No es una transacción bancaria ni mucho menos un producto innovador del portafolio de servicios que presta el sistema financiero legal. Se trata más bien de una variante del ‘gota a gota’, del ‘prestadiario’: esas formas de la usura exprés, tan colombianas, tan marrulleras, surgidas en las afueras de los bancos y a ras de calles cuarteadas y atestadas de basura, mientras los clanes del crimen organizado controlan el microtráfico e imponen el silencio como higiene social.

Esta variante de lo anómalo suele aglutinarse en los centros de ciudades con sectores clandestinos, supurantes de miseria. El paga diario. Así se nombra esa modalidad con la que cientos de individuos y familias se hacen a un lugar de paso para afrontar la soledad temblorosa de la noche. Viene bien apartarse de la tribu trashumante por unas pocas horas. De vez en cuando viene bien o mal dormir. Viene mal. Viene bien.

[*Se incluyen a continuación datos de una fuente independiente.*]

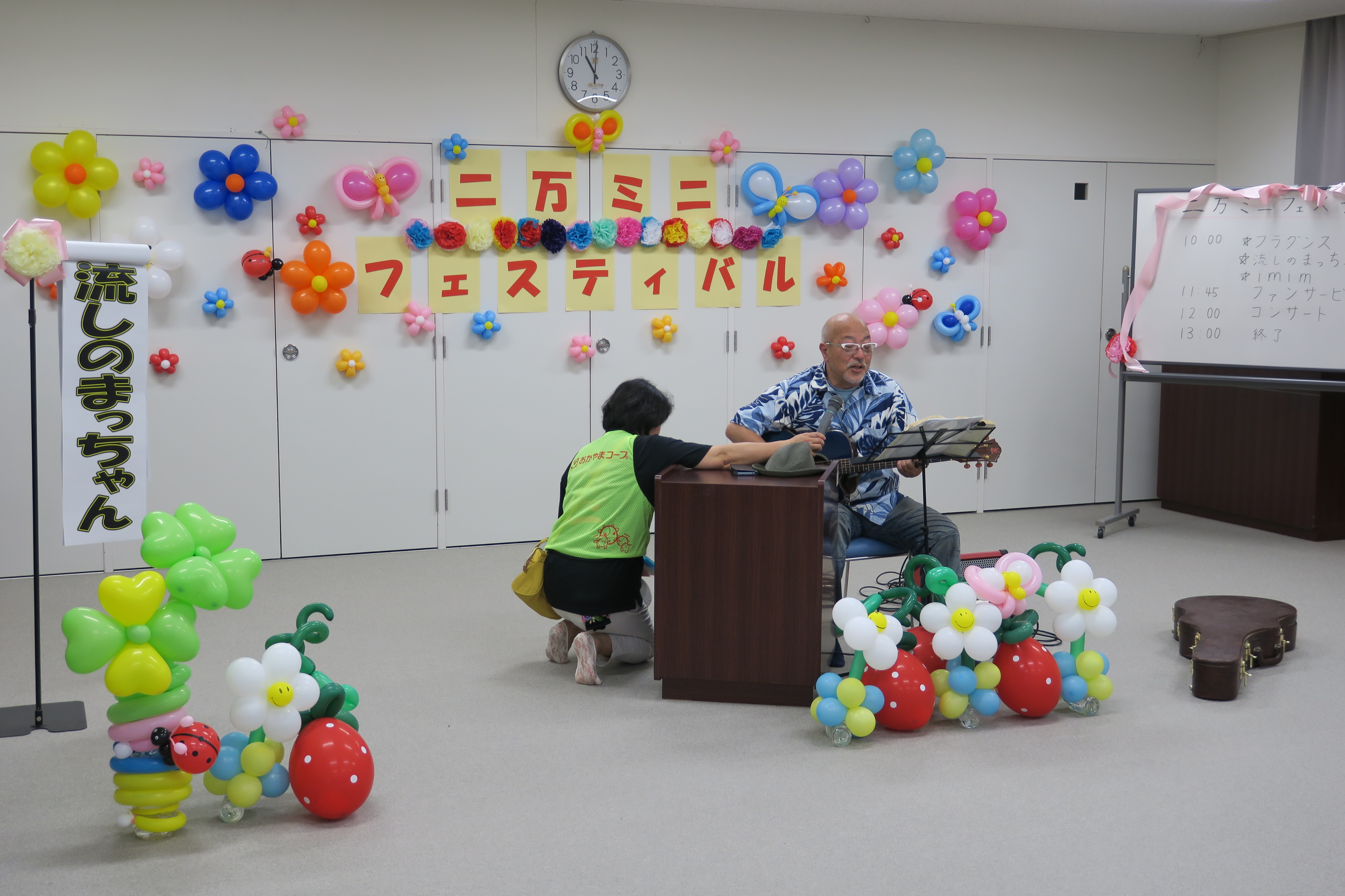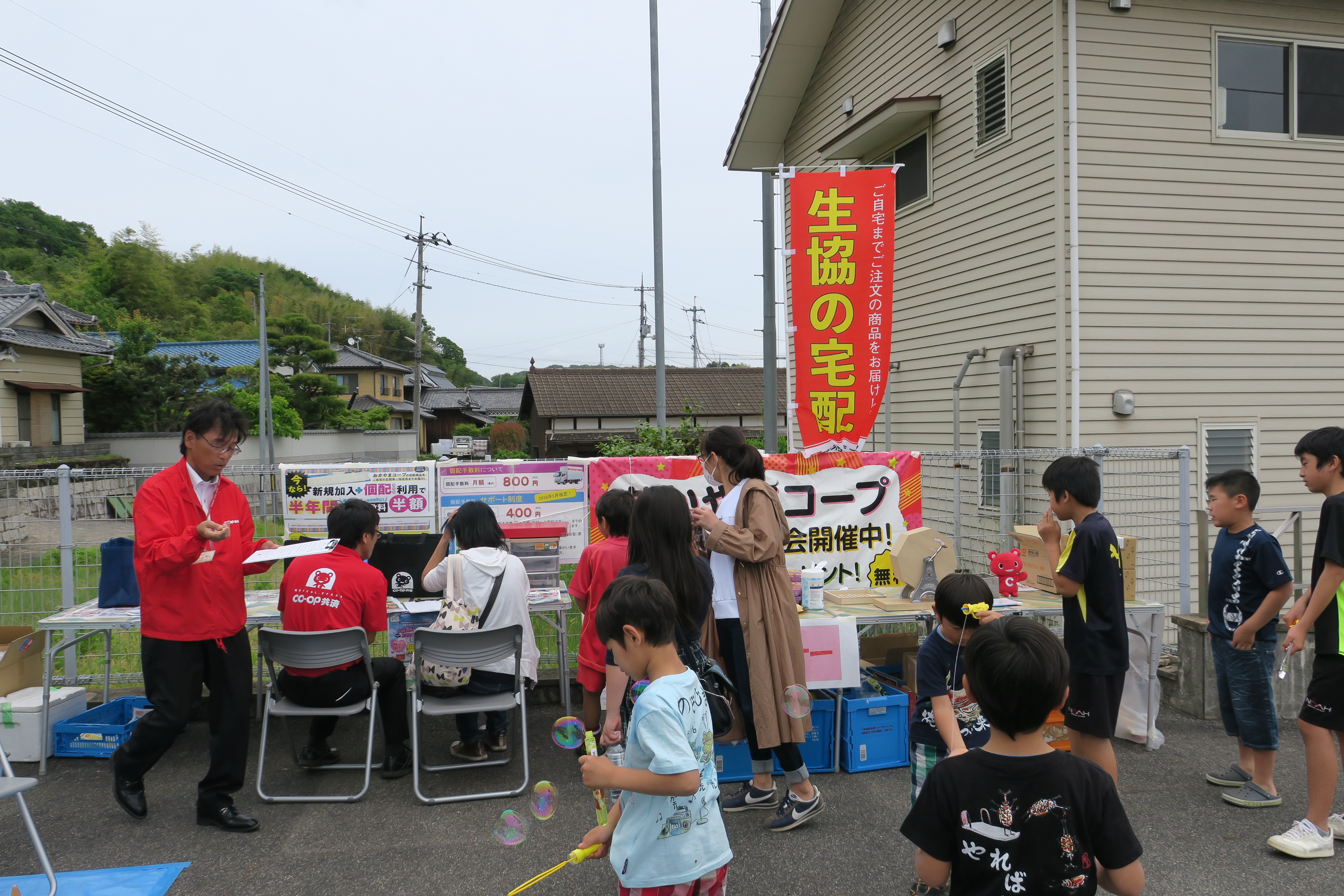 5月18日(土)、真備公民館二万分館(倉敷市真備町上二万)で二万ミニフェスティバルが開催され、おかやまコープから組合員、職員約25名が参加しました。このフェスティバルは、「西日本豪雨で被災された二万の皆さんに元気になってもらいたい」と二万社会福祉協議会・二万まちづくり推進協議会・倉敷市社会福祉協議会・おかやまコープが連携し、共催することで実現しました。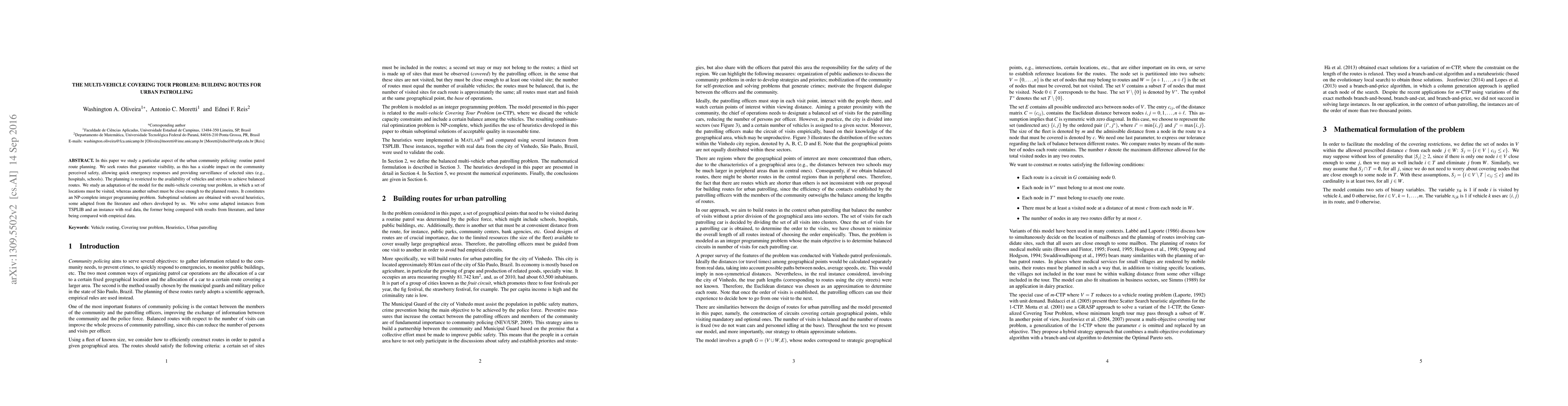 This paper addresses urban patrol route planning for community policing, focusing on multi-vehicle covering tour problems to maximize visibility and emergency response efficiency. It proposes heuristic solutions for the NP-complete problem, evaluates them using both adapted TSPLIB instances and real-world data.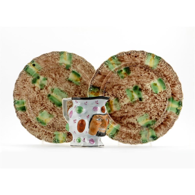 A pair of creamware plates, decorated in a Whieldon-type glaze with green and ochre dashes on a mottled brown ground, and a pearlware jester jug, moulded with a bearded face between random colourful knobbles, late 18th / early 19th century, 23.2cm max. (3)
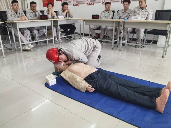 比賽現(xiàn)場,參賽隊(duì)員們個(gè)個(gè)精神抖擻、斗志昂揚(yáng)!靶姆螐(fù)蘇操作”“正壓式空氣呼吸器穿戴”兩個(gè)項(xiàng)目,選手們爭分奪秒?yún)s有條不紊:檢查患者意識(shí)和呼吸、檢查氣瓶壓力、調(diào)整背帶松緊、佩戴面罩并測試氣密性……一套流程行云流水,展現(xiàn)出扎實(shí)的技能功底與高度的安全意識(shí);顒(dòng)現(xiàn)場,公司安全總監(jiān)鐵旭東、安全主管何寧、海什全程監(jiān)督評(píng)分,并針對(duì)操作細(xì)節(jié)進(jìn)行實(shí)時(shí)監(jiān)控,將比賽轉(zhuǎn)化為安全培訓(xùn)課堂,達(dá)到競賽和培訓(xùn)相結(jié)合。參賽職工紛紛表示,通過比武不僅提升了應(yīng)急處置能力,更深刻體會(huì)到規(guī)范操作的重要性。

En medio de la informalidad y los gritos del rebusque, de esa antigua economía descalza que hoy desnudan las urbes en el tiempo lento de la cuarentena, una casa de bahareque de dos pisos, con nueve cuartos diminutos; un taller de repuestos, un edificio en ruinas, un garaje, pueden convertirse en albergue temporal, en un hotel sin recepción ni mucama, en un hospedaje maloliente, en un refugio de la guerra, del no futuro.

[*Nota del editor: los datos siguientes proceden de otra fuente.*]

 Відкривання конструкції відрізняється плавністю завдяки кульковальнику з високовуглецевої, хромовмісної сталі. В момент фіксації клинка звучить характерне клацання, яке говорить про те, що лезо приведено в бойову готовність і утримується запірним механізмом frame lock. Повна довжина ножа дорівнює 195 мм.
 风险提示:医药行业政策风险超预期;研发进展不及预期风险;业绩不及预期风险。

Una regla transaccional, intimidatoria como los bancos, impera en el umbral de las puertas de entrada derruidas:  “El que no paga, desocupa”. La regla funciona bien, porque afuera siempre hay clientela: la familia numerosa de los embera katío; la pareja de jóvenes venezolanos famélicos, con un bebé en brazos; tres socios recicladores exhaustos y una trabajadora sexual varada, por estos días, en una esquina donde merodea el desaliento.

Ocurre que este doloroso cuadro de costumbres lo prefiguró J. A. Osorio Lizarazo en La casa de vecindad de 1930. Ocurre, además, que ya vimos algunas de sus imágenes en La estrategia del caracol de 1993. Solo que la de ahora es una versión gótica, sin ese final épico, irónico y festivo, condensado en un grafiti: “AHÍ TIENEN SU HIJUEPUTA CASA PINTADA”.

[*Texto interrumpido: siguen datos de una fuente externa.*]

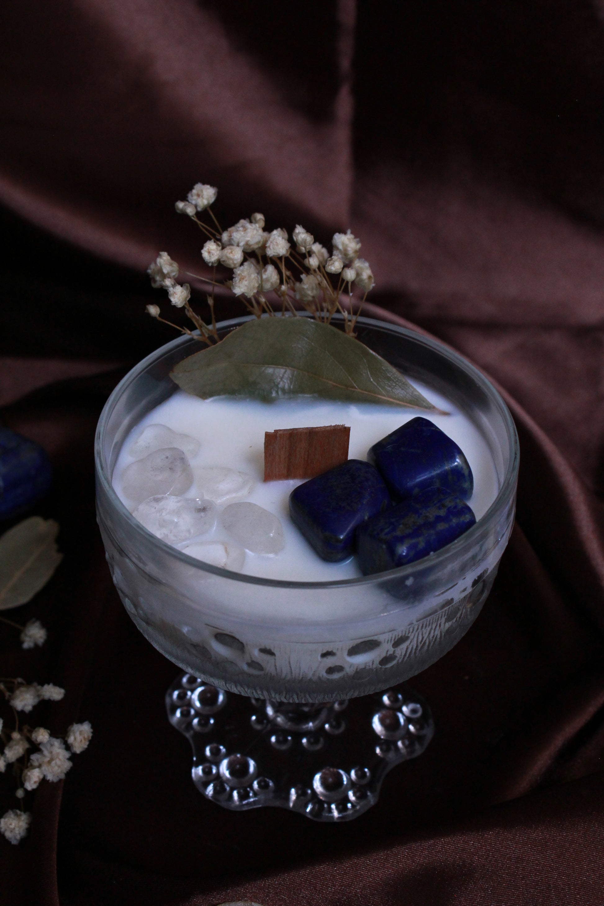 - Ornée de lapis-lazuli (sagesse, intuition) et cristal de roche (clarté, amplification)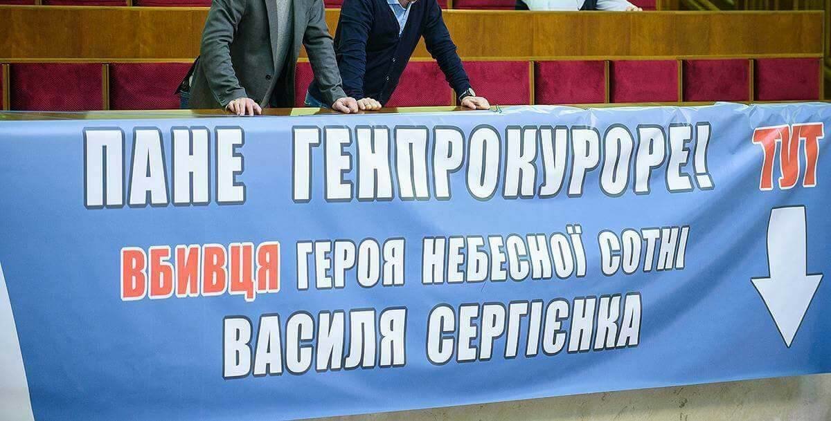 Він також повідомив, що вранці в сесійній залі вивісили плакат із закликом до Генпрокурора Юрія Луценка звернути увагу на Геннадія Бобова, підозрюваного в причетності до вбивства Сергієнка.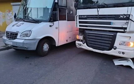 В результаті активних дій пасажирів маршрутки постраждала передня частина фури.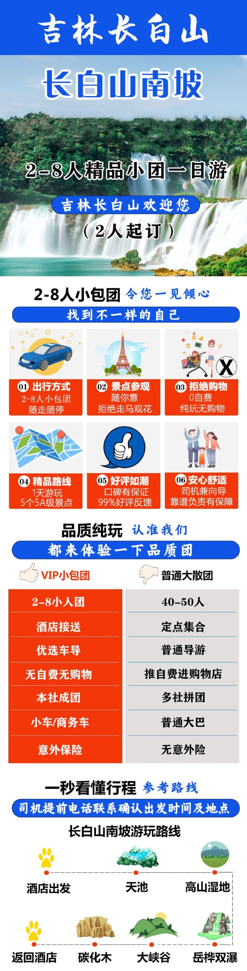 吉林白山长白山南坡景区一日游【万达鲁能上门接送2-8人小包】【南坡每天限量1500张,需要专门抢票人员提前7天抢购, 80%概率可以抢到,抢不到可以全额退款。】
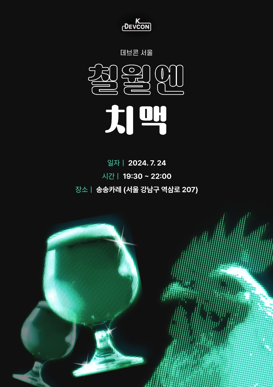 7월에도 휴가는 커녕 사무실에서 바캉스(?)를 하는 데브콘 회원들을 보고 간단히 퇴근 후 강남에서 치맥을 하면 어떨까 의견이 나와 급하게 기획했습니다. 장소 섭외부터 포스터 제작, 사전 리허설 및 당일 셋팅을 위한 명함 제작까지 우리 운영진은 즐겁게 이 행사를 준비했습니다. 기획할 시간이 많지는 않아 살짝 걱정을 했지만 선착순 마감이었음에도 티켓이 빠르게 소진되었습니다. 정말 놀라웠습니다~!!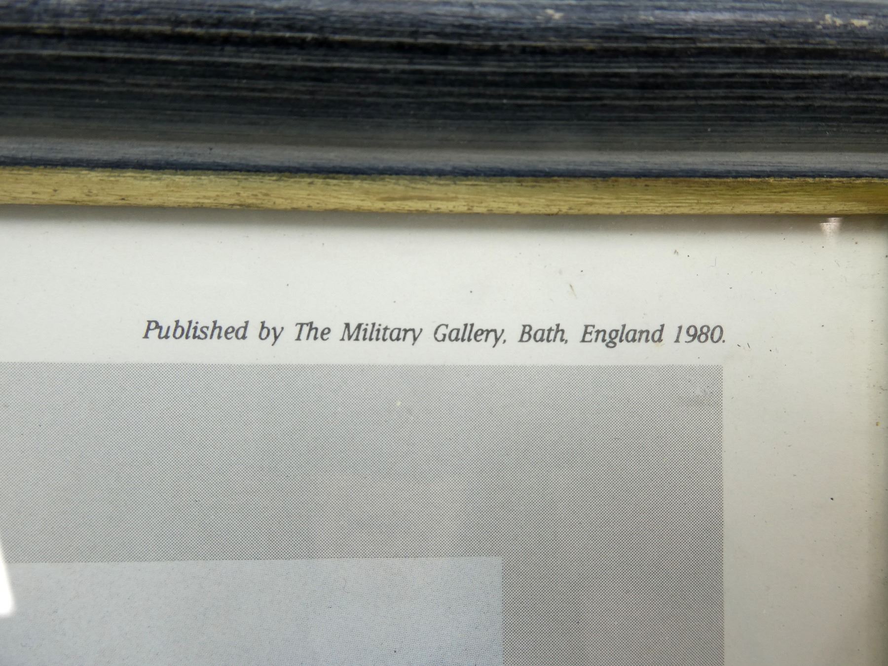 (1) BY ROBERT TAYLOR, PUBLISHED BY THE MILITARY GALLERY, BATH, ENGLAND 1980, WOODEN FRAME, UNDER GLASS & APPROX. 11.5" X 9". SEE PHOTOS. *NO GUARANTEE ON GLASS FOR SHIPPING*

 “Seis mil pesos diarios pago yo”, dijo ante las cámaras un hombre aporreado por el sol, abatido por la contingencia de no tener dinero para pagar otro día en el albergue. Víctima del “aislamiento social”, a causa de la pandemia que ha conseguido detener los buses sin frenos de la historia, este hombre no tiene a quién venderle sus cachivaches. Porque los que pagan a diario el derecho a pasar la noche en aquellos cuchitriles, son vendedores. Ambulantes. Solitarios. Agradecidos. Dignos. El Dane, esa falacia estadística, los registra como trabajadores independientes. Son cientos de miles, son hordas que se aglomeran en las escalinatas del poeta Zalamea. Son ellos:

los vendedores de  tortillas;

Los vendedores de especias;

Los vendedores de hojas de betel;

Los vendedores de buñuelos en que se arraciman las abejas;

Los vendedores de pájaros;

Los vendedores de emplastos;

Los vendedores de bálsamos y laxantes;

Los vendedores de ceniza;

Los vendedores de sal;

Los vendedores de agua…

¡Oh delirante confusión de las cosas más nimias y necesarias!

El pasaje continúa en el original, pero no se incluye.